Re: 8-bit encodings and ASCII (was: Unicode conformant character encodings and us-ascii)

From: Doug Ewell (
Date: Fri May 16 2003 - 02:57:46 EDT

  • Next message: Doug Ewell: "Re: 'code unit' and 'code point' meaning check"

    Philippe Verdy <verdy_p at wanadoo dot fr> wrote:

    > Don't forget EBCDIC, and also some Unicode-conforming encodings based
    > on basic EBCDIC, where unused code units have been used to encode
    > Unicode in a way similar to the UTF-8 encoding (with a simple
    > reordering of bytes, so that ASCII characters are left on their
    > equivalent ECDIC positions, as well as the extended EBCDIC controls
    > such as NEL which are also assigned in ISO8859-* according to ISO6429
    > in range 0x80 to 0x9F)...

    I can think of only one such encoding, UTF-EBCDIC:

    > Don't forget too VISCII (for Vietnamese) which uses some rarely used
    > ASCII controls to map some Vietnamese characters with double accents,
    > as the ISO6429 standard does not offer enough free positions in the
    > range 0xA0 to 0xFF to map all Vietnamese characters. (Not conforming
    > to Unicode, as there's no way to fully encode it with full roundtrip
    > capability).

    Of course there is.
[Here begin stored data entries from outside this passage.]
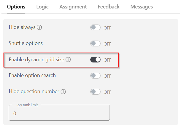The Ranking question type now features a dynamic grid size, optimizing the ranking experience for respondents. The grid automatically adjusts based on the number of options and screen width, ensuring a smooth and user-friendly interaction.
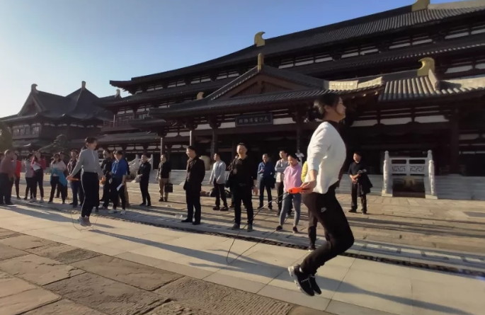 在湖湘名人館前,省工商聯(lián)工會(huì)會(huì)員們進(jìn)行了社會(huì)主義核心價(jià)值觀知識(shí)搶答賽。他們搶答踴躍,優(yōu)勝者優(yōu)先進(jìn)入飛行影院體驗(yàn)。跳繩和拔河兩項(xiàng)比賽則同時(shí)進(jìn)行,現(xiàn)場(chǎng)一次次響起熱烈的掌聲和歡呼聲,將活動(dòng)不斷推向新的高潮。
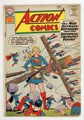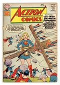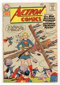 $50.00Cover pencils by Curt Swan, inks by Stan Kaye. "The War Between Supergirl and the Supermen Emergency Squad!", script by Robert Bernstein, pencils by Wayne Boring, inks by Stan Kaye; John Kiley tricks Superman into revealing he's Clark Kent; After trapping Clark Kent with Kryptonite, Supergirl and the Superman Emergency Squad spring into action. One-page Varsity Vic story by Henry Boltinoff. 1st appearance of Brainiac 5, Phantom Girl, Triplicate Girl, Bouncing Boy, Sun Boy, and Shrinking Violet in "Supergirl's Three Super Girl-Friends!", script by Jerry Siegel, art by Jim Mooney; Supergirl and Brainiac 5 join the Legion. 36 Pages, Full Color. $.10 Cover price $0.10.
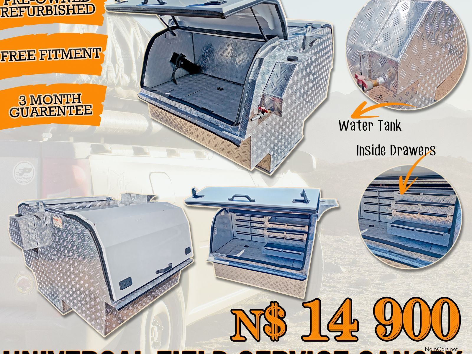 Description: Field Service Workers Canopy Brand : Taurus Color : White & Aluminium Silver Price : N$ 14 900 Fitment Included Status : Pre-Owned Refurbished Mobile Fitment can be done on your own premises - T's & C's Apply All our Refurbished Canopies we give 3 Month Guarantee! We are Located in Brakwater - Park and Sell Premises, Next to IN+GO Storage
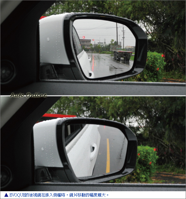 略高的駕駛座位是SUV的特色之一,不過RANGE ROVER EVOQUE特殊的高腰線設計,對駕駛兩側的視線略有影響,初上手時可得多花些時間來熟悉一下。另外,在排入倒檔時,兩側後視鏡會自下移讓駕駛較容易掌握車輛的位置,RANGE ROVER EVOQUE的後視鏡在排入倒檔時,移動的幅度頗大,加上高腰線的設計,猛然一看卻有不易辨識後視鏡反射影像角度的困擾,這也是需要多留些時間熟悉一番。

Each of the 256 VISCII code points maps to one and
    only one Unicode character. 0x02 in VISCII can only be U+1EB2 LATIN
    If you'd like, I can provide a mapping table.

    > Finally don't forget all the DOS/OEM codepages which assign visible
    > characters in ASCII control code units and in extended ISO6429
    > position... However all these are not conforming to Unicode (no way
    > to fully encode it with full roundtrip capability).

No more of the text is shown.